また、あるときジャングルは「ビネガーテイスターズ」という、3人の賢者がビネガーの大きなつぼを囲み、なめてみて、それぞれ違う表情をする、という中国の墨絵を描きました。その絵では、孔子は、すっぱい顔をしている。仏陀は、苦い顔。そして、老子は笑っている。ジャングルは「人生はどうとらえるか次第なんだよ。タオでは、人生はありのままでよしとし、すべてを楽しんでいくのさ。」と教えてくれました。
わたしが去年11月におとずれたオーストリアの湖のほとりハルシュタットでは、古くからケルト人が住み、岩塩を採っていたのですが、その岩を少し買ってきてなめてみました。むらさき色のクリスタルのような美しい石です。大昔とおんなじであろうしょっぱい味に驚きながら、古代人の暮らしに思いをはせていました。
ハルシュタットでは山が、湖のそばまで迫っていて、土地がないため、古くから住民は亡くなった人を埋葬したあと何年かして骨を掘り出し、頭蓋骨にお花の絵を描いてBone Houseに収めるということをしてきました。ずらりと並んだ色とりどりの花のついた頭蓋骨を見ていたら、死が生とつながっているような気がしました。

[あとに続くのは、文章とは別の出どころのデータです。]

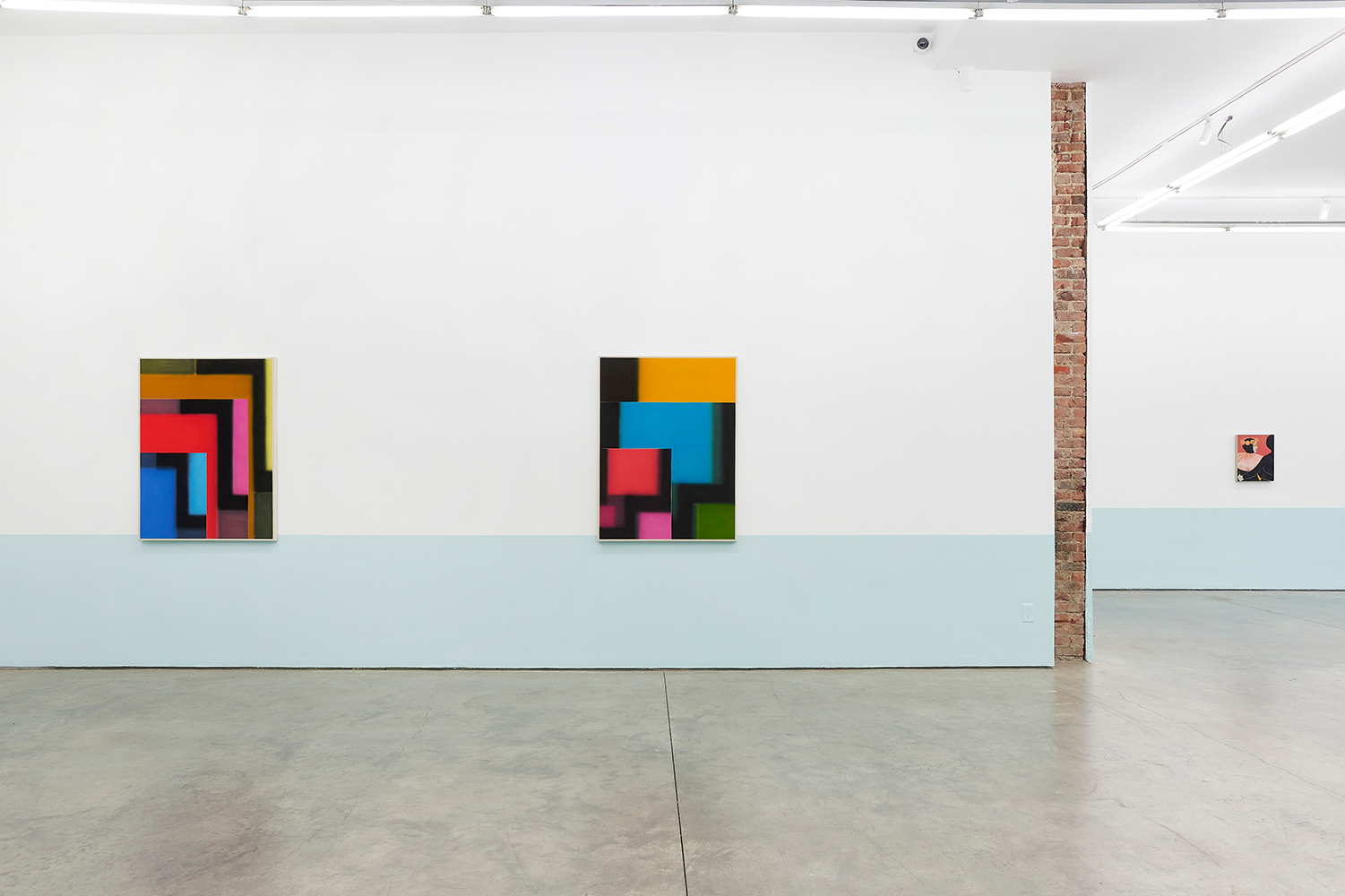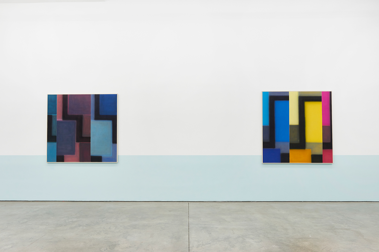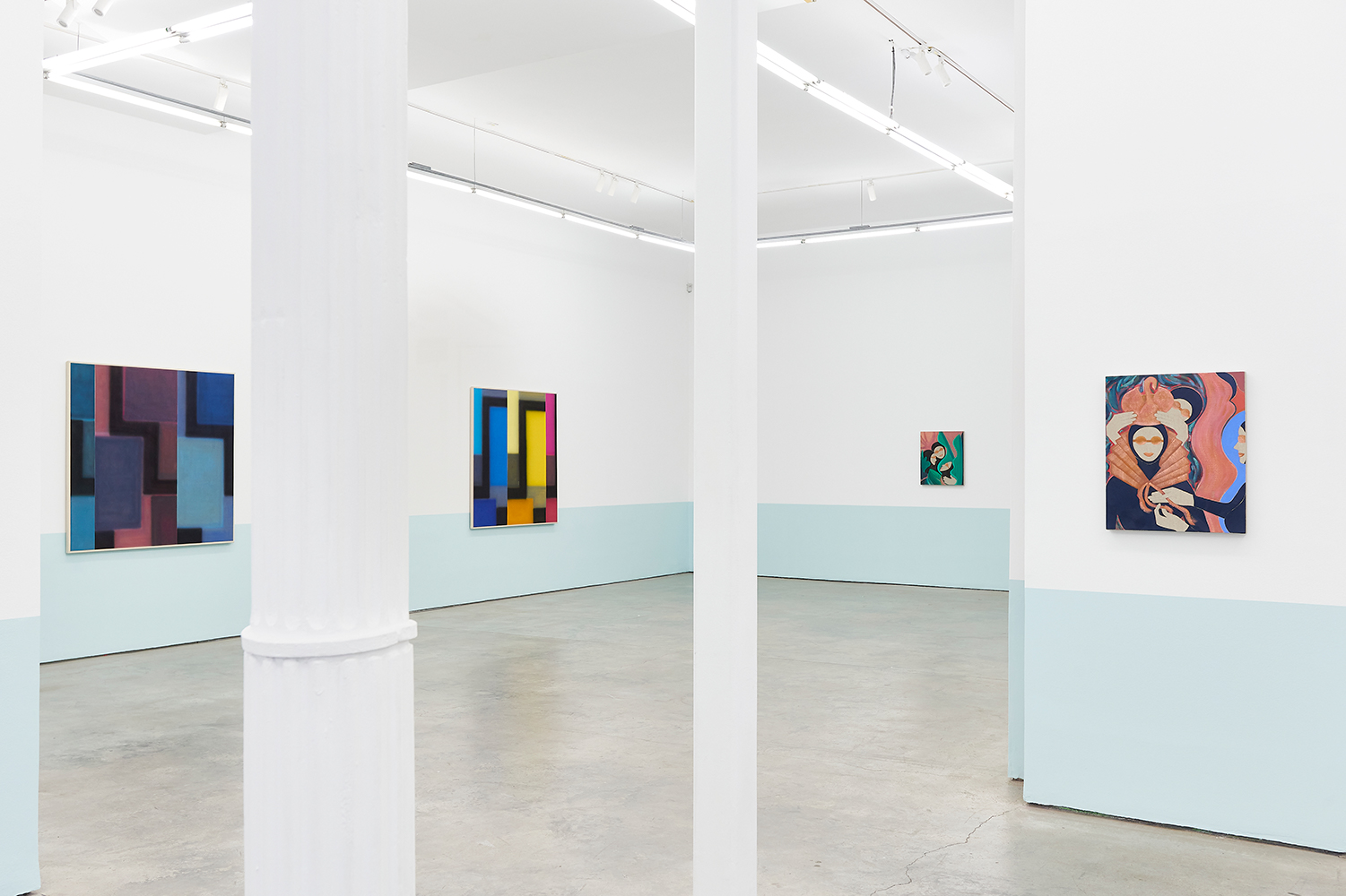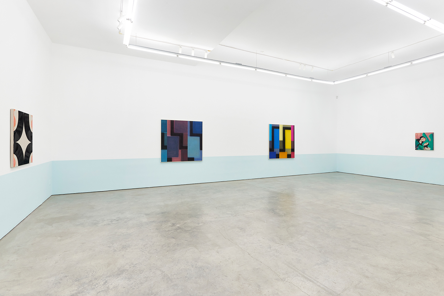 For this exhibition we juxtapose eight new paintings by Canadian artist Kristine Moran with six new acrylic paintings by Brooklyn-based artist Russell Tyler. The repeated geometric shapes across these fourteen paintings resonate in surprising ways, as Moran’s abstracted swimmers splash into the black-edged rectangles of Tyler’s proliferating polygons. Hung in a gallery painted three feet up each wall with aqua blue, the show wades into the territory between figuration and abstraction with interesting results.
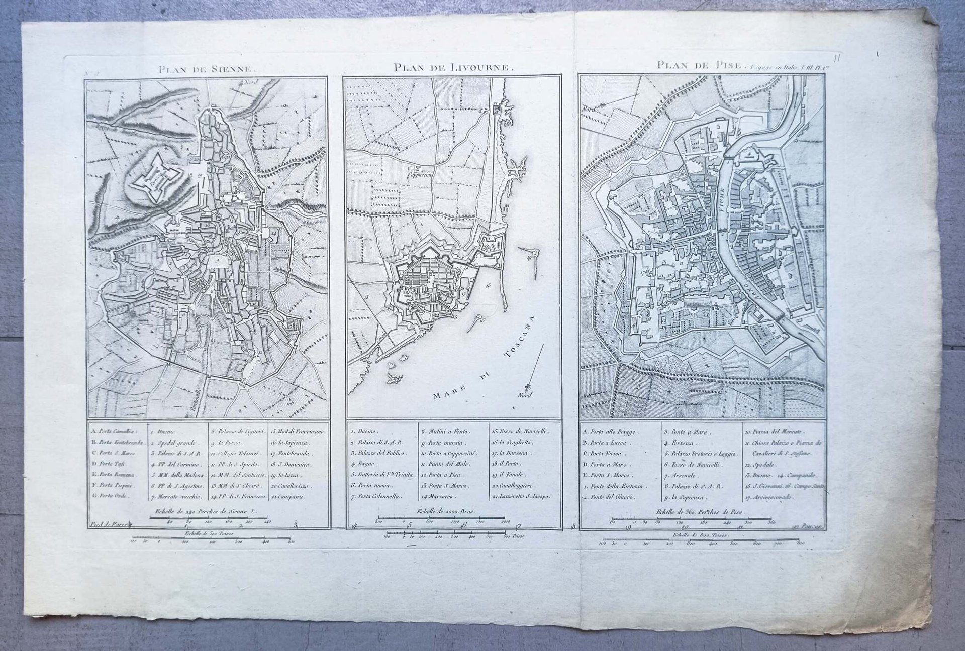 >Incisione originale in rame (mm240 x 375), rappresentante le piante delle città di Siena, Livorno e Pisa, tratta dall'opera "Voyage en Italie, contenant l'Histoire & les Anedoctes les plus singulieres de l'Italie, & sa description; les Usages, le Governement, le Commerce, la Literature, les Arts, l'Histoire naturelle & les Antiquités; avec des jujements sur les ouvrages de peinture, Sculpture & architecture, & les Plans de toutes les grandes villes d'Italie" di J. De la Lande. L'incisione fa parte della seconda edizione dell'opera creata dall'astronomo francese , che ampliò la precedente da 8 a 9 volumi. Le tre piante sono corredate do legenda. In alto a sinistra, entro la battuta, indicazione della tavola "N. 11" ; a destra, "Voyage en Italie. T. III. Pl. 1.re". Esemplare ben conservato, segni di pieghe perché inserita nell'atlante.

今年はメール通信で、わたしが訪ねたいくつかの世界の聖地について書いていこうと思っているのですが、出発地はわが、アートセラピールームかもしれません。多くのナースが妊娠しているし、わたしの長い黒髪もつやつや、レイラインも通っているかもしれないしなあ。
ジャングルは「俺は犬が好きだから、「Oh, my God!」という代わりに、「Oh, my dog! 」と言うことにしたのさ」などといって笑っていたときもありましたっけ。そんなクリエイティブな発想のできる場、聖地にはアートあり、ですね。